Producers’ mindset needs to change
Storage logistics have never been more challenging, playing to oil traders’ strengths. Pure producers’ structural lack of patience may only assists them
Oil trading companies’ mastery of storage economics in a contango market—where future, so-called ‘curve’, prices are higher than the immediate physical market—bears comparison to investment banks. Just like M&A activity, IPOs and other relatively low-risk banking functions, storage plays are seemingly simple.
Work out the cost of storing oil and, when the price difference between prompt and curve exceeds that cost, buy the barrels, pay for the storage, sell the volumes in the futures market and pocket the difference. But, in practice, it is much more complicated.
For example, management of physical oil pricing based on Dated Brent using contracts for difference (CFDs), exchange of futures contracts for physical oil (EFPs) exposures, accounting for arbitrage opportunities (e.g. Brent/Dubai or WTI/Brent location spreads) and many other complexities, is far from simple.
There is also an additional optionality layer provided by having the physical barrels to hand. A sudden, possibly geography-specific, supply disruption could cause a rally in spot prices. Stored barrels could then be re-sold profitably back into the market earlier than in the planned storage play, while the associated hedges can be closed.

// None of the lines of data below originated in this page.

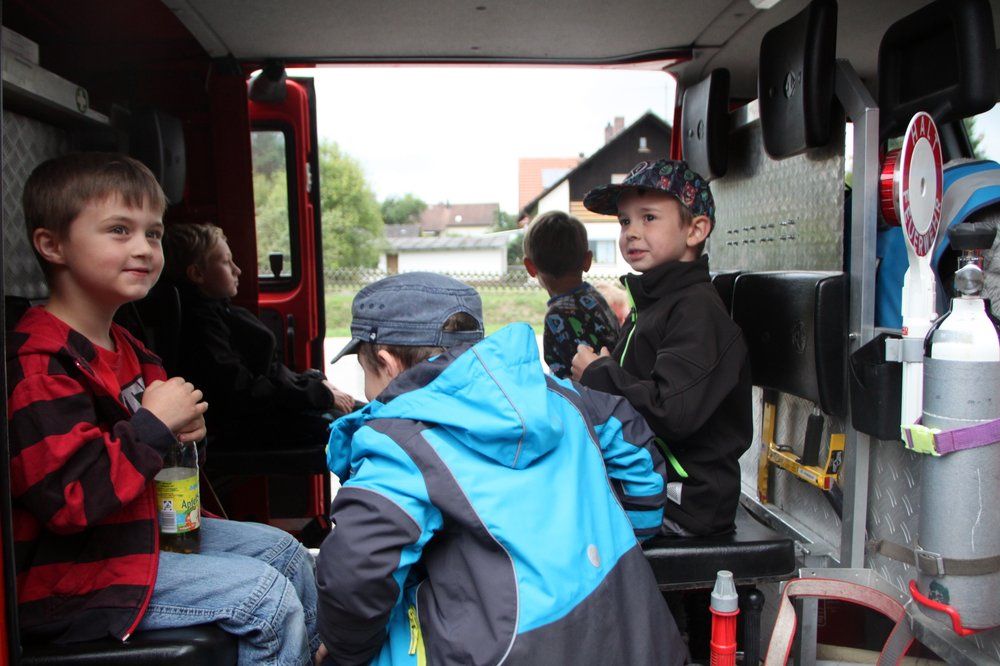 Am Tragkraftspritzenfahrzeug (TSF) der Wolfsbacher Wehr sahen die Buben und Mädchen die weiteren zur Brandbekämpfung aber auch Lebensrettung notwendigen Geräte. „Ganz cool“ fanden sie, dass sie sich auch in das Feuerwehrzeug setzen durften und „Tatü-Tata“ Blaulicht und Martinshorn einschalten durften.
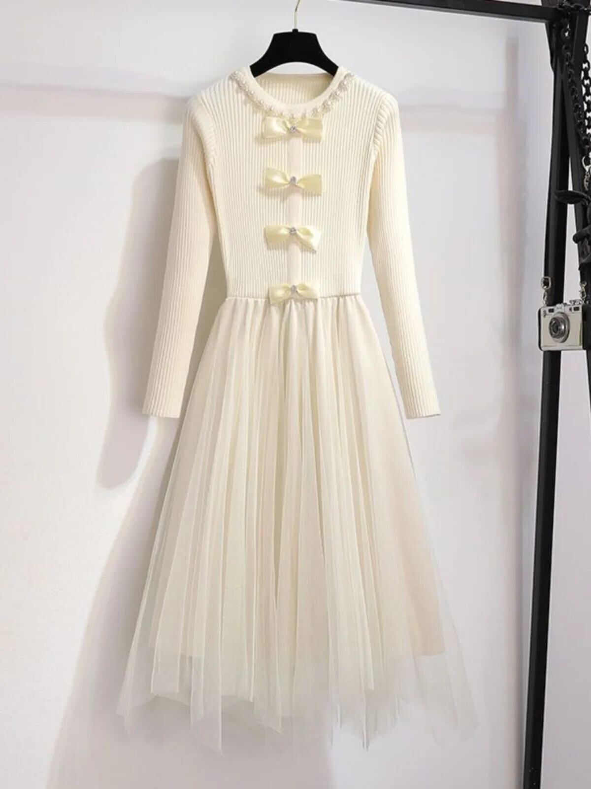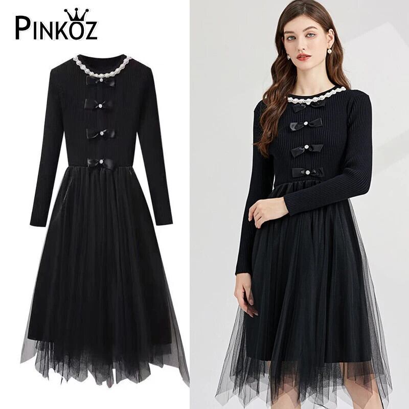 Pinkoz デザイナースタイリッシュニットパッチワークメッシュ不規則ドレス弓 O ネック長袖エレガント滑走路秋ドレス Vestidos ロング ピンク リボン オータム 秋物 Oネック
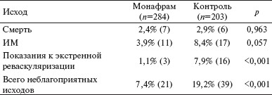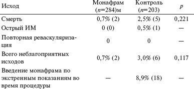 Число острых тромбозов в течение первых 3 дней после процедуры было достаточно низким — 3,0% (у 6 из 203 больных) и 0,7% (у 2 из 284 больных) соответственно в группе контроля и группе монафрама (см. табл. 2). Несмотря на то что при применении монафрама их частота была более чем в 3 раза ниже, в связи с небольшим количеством таких случаев различия были недостоверными (р=0,117). Большая часть острых тромбозов закончилась развитием ИМ с летальным исходом — умерли оба больных в группе монафрама и 5 из 6 больных в контрольной группе. Кроме того, у одного больного в контрольной группе развился нефатальный ИМ. Необходимо отметить, что у 18 из 203 (8,9%) больных в группе сравнения, несмотря на то что исходно ангиопластика осуществлялась без введения монафрама, этот препарат был введен во время процедуры по экстренным показаниям, к которым относили внутрисосудистый тромбоз и значимые механические повреждения артерий. Можно предположить, что без применения в этих случаях монафрама число острых тромбозов, приведших к развитию ИМ, в контрольной группе могло быть существенно больше.
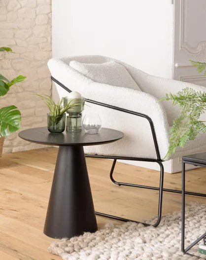 Table d'appoint ronde pied conique métal Daly noire - 50x50 cm
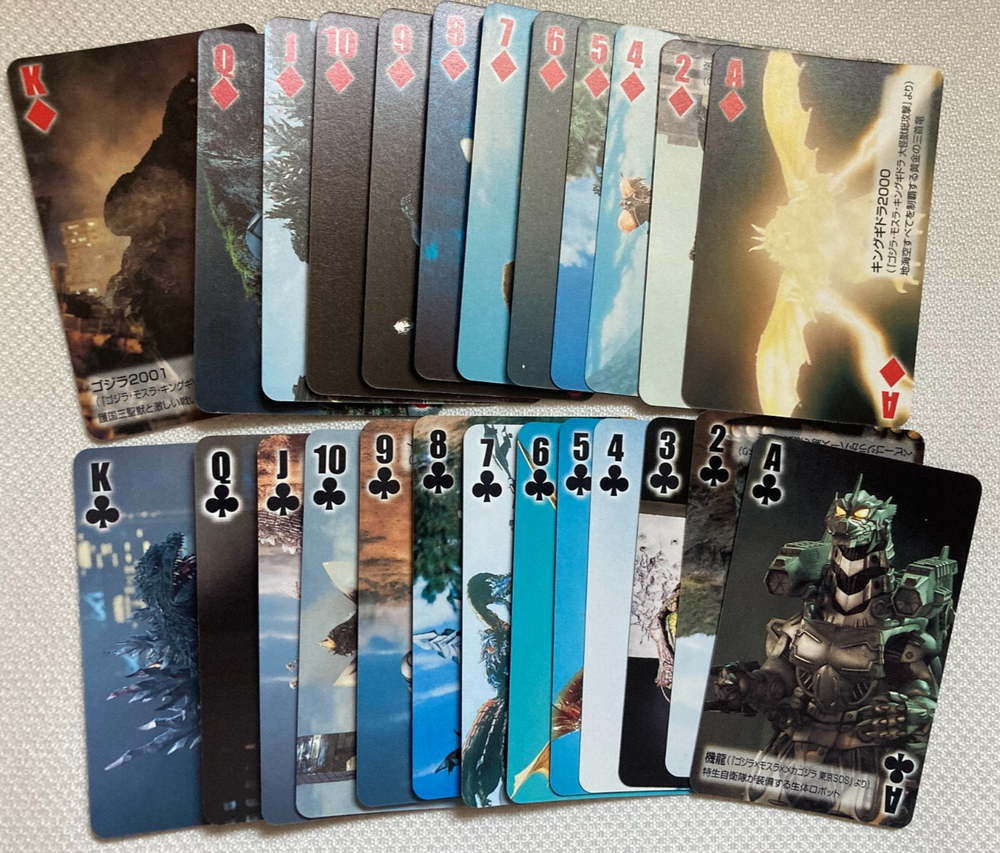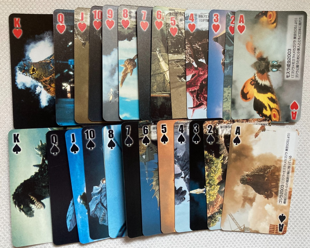 π¦ Godzilla Final Wars Playing Cards β 50th Anniversary Promo β Theater Bonus β Japan Exclusive Release 2004 β 50th Anniversary Movie Promo Item Condition Good condition. Complete set of 54 cards with the original paper case. Both the case and cards show some wear from age, but still great for any Godzilla fan or collector. Card Size Approx. 6.8 Γ 4.3 cm (2.68 Γ 1.69 inches) Note: These are smaller than standard playing cards. Language Japanese Special Features πΉ Distributed as a bonus with advance tickets for the film βGodzilla: Final Warsβ πΉ Features a wide variety of Godzilla and other kaiju characters πΉ Not for sale in stores β limited theater-only release πΉ A rare 50th anniversary collectorβs item Shipping π© Economy Shipping: Free (11β23 business days, no tracking) π Standard Shipping: $3.00 (with tracking) π Expedited Shipping: $22.00 (1β4 business days, tracked) Packed carefully to avoid bending or damage Returns 60-day return policy. Buyer pays return shipping for personal reasons. International Buyers Import duties and taxes are not included in the item price or shipping cost. Please check with your country's customs office before purchasing. π° Buy More & Save! π° Get a $3 discount per additional item when purchasing multiple paper-based items. Please message me before checkout for the discount. Questions welcome anytime. Thanks for looking!
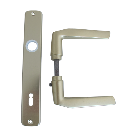 Eloxált ajtókilincs (NZ 410) + ajtócím pezsgő színben, alumíniumból, 90 mm.
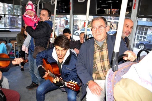 Manisa'da halk otobüsü şoförlüğü yapan ve aynı zamanda belediye korosunda solist olan Emrullah Şahin, canlı müzik eşliğinde karşıladığı yolcularına Türk Sanat Müziği ziyafeti yaşattı. Manisa'da Terminal-OSB hattı arasında sefer yapan 1 Nolu halk otobüsüne binen yolcular, sazlı sözlü seyahat etti. Yunusemre Belediyesinin kurduğu koroda solist olan ve aynı zamanda halk otobüsü şoförlüğü yaparak geçimini sağlayan Emrullah Şahin, müzisyen arkadaşlarıyla birlikte yolcularına sürpriz yaptı. Müzisyen arkadaşlarını da yanına alarak hat seferine çıkan Emrullah Şahin, yolcularını canlı müzik eşliğinde karşıladı. Kısa bir süre yaşadıkları şaşkınlık sonrası otobüse binen yolculara, Türk Sanat Müziğinin birbirinden değerleri eserlerini seslendiren Şahin, kulakların pasını sildi. Müzisyenler Osman Özdamarlar, Hüseyin Yıkın, Mertcan Özdemir ve Şafak Uyar'ın eşliğinde "Sefalar Getirdiniz", "Akşam Güneşi", "Gülü Susuz Seni Aşksız Bırakmam", "Kapıldım Gidiyorum" şarkıları başta olmak üzere sevilen Türk Sanat Müziği şarkılarını 10 kilometrelik yolculuk boyunca yolcularına canlı söyleyen şoför Emrullah Şahin'in bu sürprizi, vatandaşlardan da tam not aldı. Yol boyunca Şahin'in söylediği şarkılara kimi zaman eşlik eden yolcular, ilk defa böyle bir yolculuk yaptıklarını ve çok memnun olduklarını söyledi. Yunusemre Belediyesinin bir buçuk yıl önce hayata geçirdiği koroda solistlik yapan evli 2 çocuk babası genç halk otobüsü şoförü Emrullah Şahin, yolcularının günlük yaşam stresinden biraz uzaklaşması adına böyle bir çalışmayı yaptığını belirterek, "Yolcular otobüse binerken tüm dertleri ve sorunlarıyla biniyor. Yolculara bu şekilde müzik eşliğinde hizmet vermek çok güzel bir şey. Sevdiğim müziği insanlarla böyle paylaşmak beni ayrıca mutlu ediyor. Umarım keyif alırlar" dedi.Manisa Özel Halk Otobüsleri Motorlu Taşıyıcılar Kooperatifi Başkanı Erdoğan Akatmaca da son günlerde şoförlerin seyahat hizmetiyle birlikte özellikle hasta yolcuları hastaneye yetiştirmeleriyle de anıldığını belirterek, gerektiği zaman ambulans görevi de gördüklerini ve duyarlı şoförlere sahip olduklarını söyledi. Emrullah Şahin'in çok güzel bir sesi olduğunu ifade eden Akatmaca, içlerinde sanatçıların da olduğunu sözlerine ekledi.(Önder Aydın/İHA)
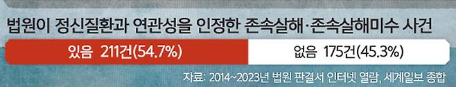 이런 비극을 맞닥뜨린 건 미정의 가정뿐일까. 그렇지 않다. 전국에서 매년 20건이 넘는 참극이 벌어지고 있다. ‘적절한 치료를 받지 못한’ 정신질환자가 자신을 돌봐온 부모를 해하는 사건이 도돌이표처럼 반복되는 것이다. 27일 세계일보가 지난 10년간(2014∼2023년) 있었던 존속살해·존속살해미수 사건 1심 판결문 386건을 전수 분석해 확인한 결과다. 이 중 재판부가 정신질환의 영향을 인정한 경우가 211건으로, 절반 이상을 차지했다. 부모나 조부모 등을 살해했거나 살해하려 한 범인 중 54.7%가 정신질환자였다는 의미다.
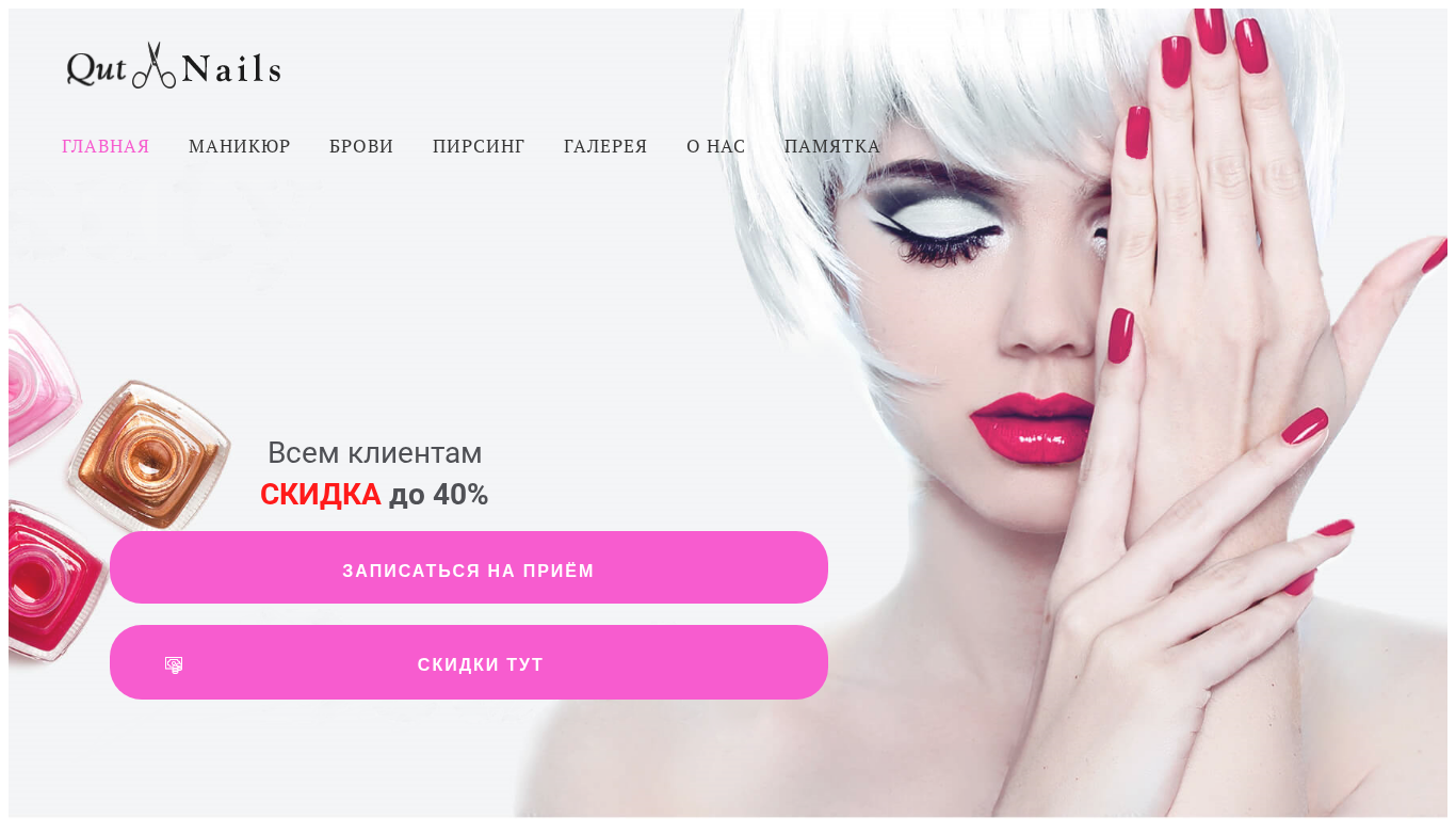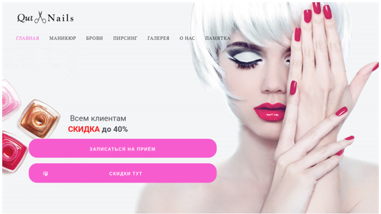 | AI-анализ | This online resource, titled "Qut Nails," is a website dedicated to providing professional manicure and pedicure services. Keywords associated with the site include "manicure," "pedicure," "master," and "salon." The site offers various services, including nail art and piercing, and boasts a large selection of over 600 nail polish colors. The site also includes a discount offer for new clients, allowing them to save up to 40% on their first visit. The site's description emphasizes the importance of taking care of one's nails and promises a high-quality experience with skilled professionals. The site includes customer reviews praising the accuracy, speed, and attentiveness of the staff, as well as the cleanliness of the salon. The site's top words include "very" and "beautiful," suggesting a focus on creating a ple |

Again, though, ensuring that this is done while adding additional value requires both logistical and risk management skills.
Often misunderstood, it is the prompt price and emerging contango that informs traders to store. As demand picks up and balances improve, contango gradually narrows to the level where it cannot cover the costs of storage. It is a signal for the market to stop storing and eventually to start releasing the barrels back into the tightening market. These price signals help regulate stocks, planned production etc. and bring the market into equilibrium.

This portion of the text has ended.